EXERCISE: Would you print the data below exactly, leaving out every picture?

DATA BLOCK:
══════════

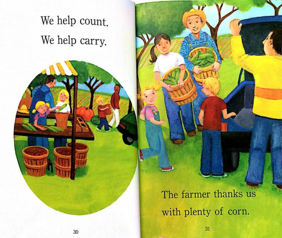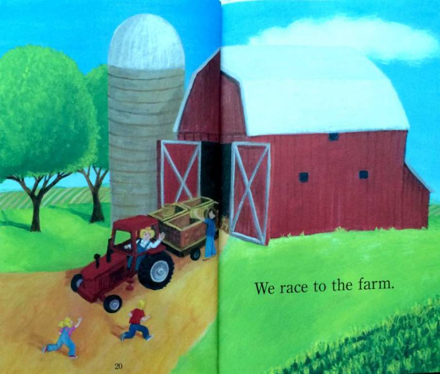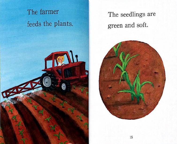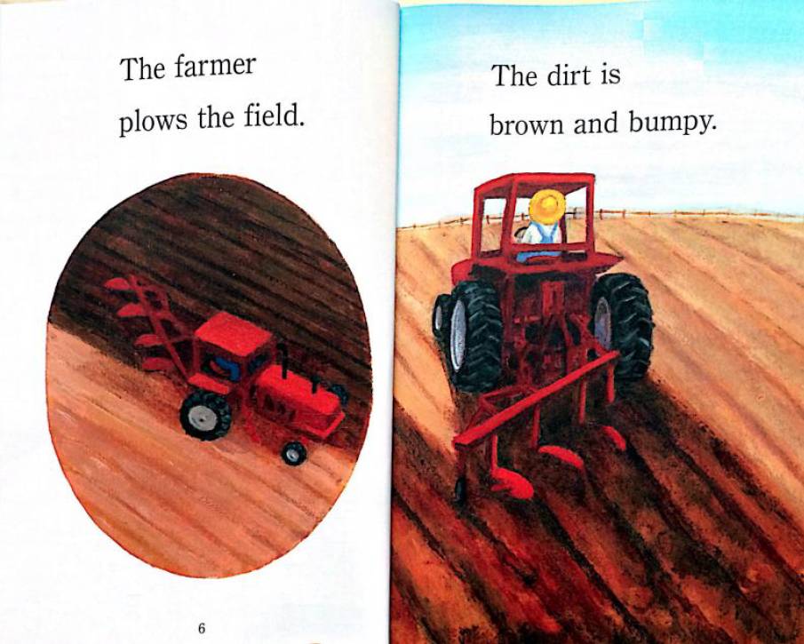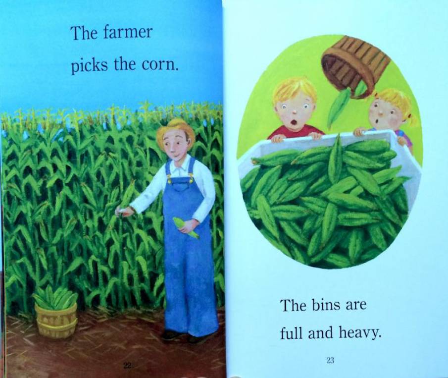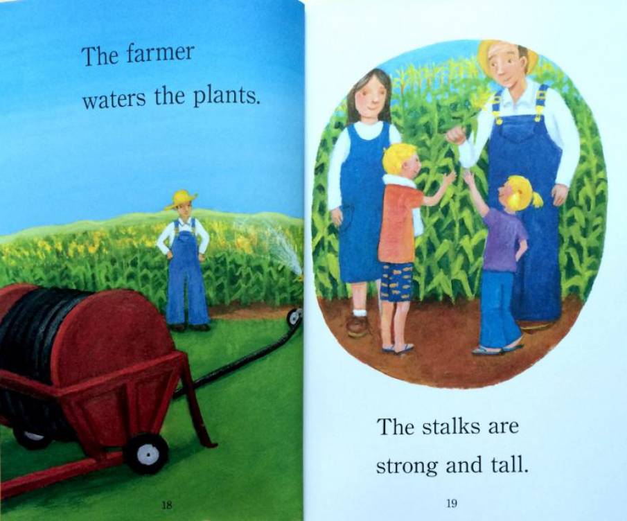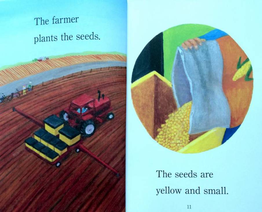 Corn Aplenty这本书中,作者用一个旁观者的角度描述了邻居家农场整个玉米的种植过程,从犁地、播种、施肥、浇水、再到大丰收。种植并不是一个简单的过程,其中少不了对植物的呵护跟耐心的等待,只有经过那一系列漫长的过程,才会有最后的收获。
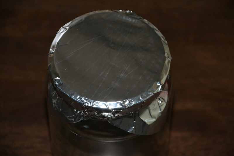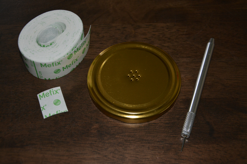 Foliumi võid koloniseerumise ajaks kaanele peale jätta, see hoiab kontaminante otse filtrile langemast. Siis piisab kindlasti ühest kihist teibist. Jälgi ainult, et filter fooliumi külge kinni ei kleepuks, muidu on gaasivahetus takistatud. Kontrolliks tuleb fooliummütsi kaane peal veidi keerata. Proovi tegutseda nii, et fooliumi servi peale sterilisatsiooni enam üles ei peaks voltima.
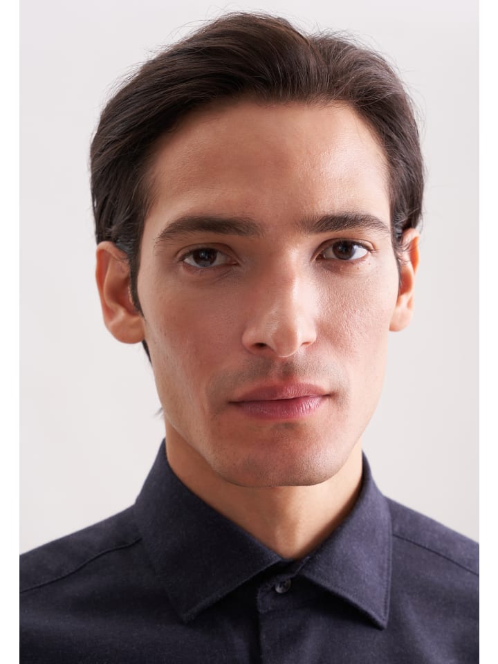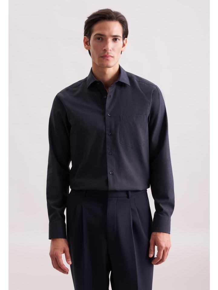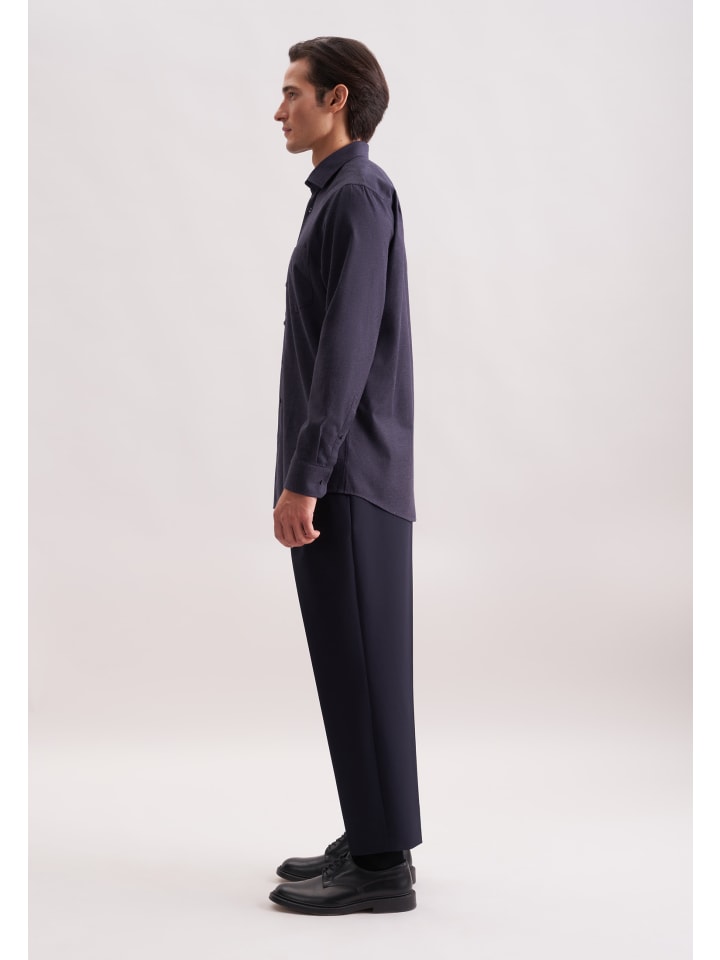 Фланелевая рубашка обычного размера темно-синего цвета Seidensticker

══════════

ANSWER SECTION:
 Corn Aplenty这本书中,作者用一个旁观者的角度描述了邻居家农场整个玉米的种植过程,从犁地、播种、施肥、浇水、再到大丰收。种植并不是一个简单的过程,其中少不了对植物的呵护跟耐心的等待,只有经过那一系列漫长的过程,才会有最后的收获。
 Foliumi võid koloniseerumise ajaks kaanele peale jätta, see hoiab kontaminante otse filtrile langemast. Siis piisab kindlasti ühest kihist teibist. Jälgi ainult, et filter fooliumi külge kinni ei kleepuks, muidu on gaasivahetus takistatud. Kontrolliks tuleb fooliummütsi kaane peal veidi keerata. Proovi tegutseda nii, et fooliumi servi peale sterilisatsiooni enam üles ei peaks voltima.
 Фланелевая рубашка обычного размера темно-синего цвета Seidensticker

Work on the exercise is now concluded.